Weeks 9-10-11: Heavy Testing and bug fix. By this time I expect to have a ~20.000 words dictionary, a beta quality azmorph and a full set of translation and transfer rules. So that, having a complete environment it is time to move to testing and bug fix. I'm planning to use different corpora (METU, setimes, wikipedia) to check missing words in bidix, manually fix rules, fix bugs I'll surely find in azmorph/rules/bidix. Deliverable: Minor fixes on azmorph, bidix and transfer rules

Week 12: Final clean-up, everything should be fixed by this time. This week should be left for minor fixing and to handle what was left as "TODO if you have time". Deliverable: Final version, hopefully ready for release

Tools and references I will be using

  1. Householder, F. W. Basic Course in Azerbaijani (Uralic & Altaic)
  2. Oztopcu,K. Colloquial Azerbaijani && Elementary Azerbaijani (Turk Dilleri Arastirmalari Dizisi)
  3. Swift, L. A Reference Grammar Of Modern Turkish
  4. Kornfilt, J. Turkish, Routledge
  5. Göksel, A., Kerslake, C. Turkish: a comprehensive grammar, Routledge
  6. Sultanzade, V. Turkish - Azerbaijani Dictionary of Interlingual Homonyms and Paronyms
  7. During GSOC I'll be in METU, in Ankara Turkey, where I can get help from my turkish linguistics students friends and the local azeri community

What will you be doing this summer?

If I won't make it in for GSOC, I will have to find a job and work in some boring place, translating (at best), waiting for my university to get open again. My summer is all free.

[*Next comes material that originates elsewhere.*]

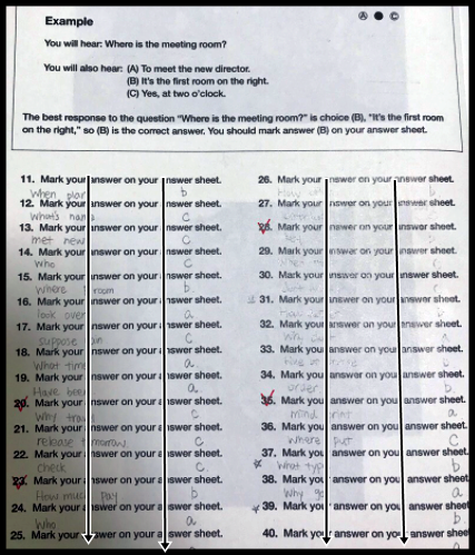 4.재풀이해서 틀린 문제는 핵심 문장을 손으로 직접 적는다.(파트3,4는 마찬가지로 전 지문을 적는다.)
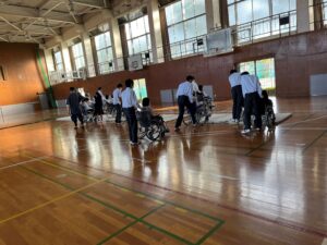 令和6年度1年生福祉実践教室 2024年11月1日/カテゴリ: 行事レポート /作成者: 江南高校10月28日(月)に、江南市社会福祉協議会様より講師をお招きし、1年生の福祉実践教室を実施しました。 実施講座は、車いす(1組)、高齢者疑似体験(2組)、手話(3組)、要約筆記(4組)、点字(5組)、視覚障がい者ガイド(6組)、盲ろう者通訳ガイド(7組)、知的障がい者軽スポーツ(8組)の8講座です。 どの講座も生徒たちは意欲的に取り組んでいました。講義と実践により、様々な福祉の在り方について理解を深めることができました。講師の先生方、ありがとうございました。 https://ko-nan.ed.jp/wp-content/uploads/2024/11/①車いす【圧縮】.jpg 1732 2309 江南高校 http://ko-nan.ed.jp/wp-content/uploads/2018/01/logo.png 江南高校2024-11-01 11:49:262024-11-01 11:49:26令和6年度1年生福祉実践教室

Ok sure, that's a lot of blabla, but does it translate anything yet

Yes, apertium-tr-az is already able to translate some simple sentences:

Tenses

Present
  • (tr) Içerim. → Içirəm. :: I drink
  • (tr) Içersin. → Içirsən. :: You drink
  • (tr) Içer. → Içir. :: He,she,it drinks
  • (tr) Içersiniz. → Içirsiniz. :: You (pl.) drink
  • (tr) Içeriz. → Içirik. :: We drink
  • (tr) Içerler. → Içirlər. :: They drink

Noun Inflection

  • nom (tr) Bira. → Pivə. :: Beer
  • (tr) Biram. → Pivəm. :: My beer
  • (tr) Biran. → Pivən. :: Your beer
  • (tr) Birası. → Pivəsi. :: His/Her/Its beer
  • (tr) Biramız. → Pivəmiz. :: Our beer
  • (tr) Biranız. → Pivəniz. :: Your beer
  • (tr) Biraları. → Pivənləri. :: Their beer

Sentences

  • (tr) Hastaneye gittim. → xəstəxanaya getdim. :: I went to the hospital
  • (tr) Kovayla bira içerim, ama sen bilmezsin. → Vedrəyle pivə içirəm, amma sen bilmirsən. :: I drink beer with a bucket, but you don't know it.


NOTES

  1. http://azer.com/aiweb/categories/magazine/13_folder/13_articles/kurtulush_azeri_turkish_13.pdf
  2. Turkish - Azerbaijani Dictionary of Interlingual Homonyms and Paronyms.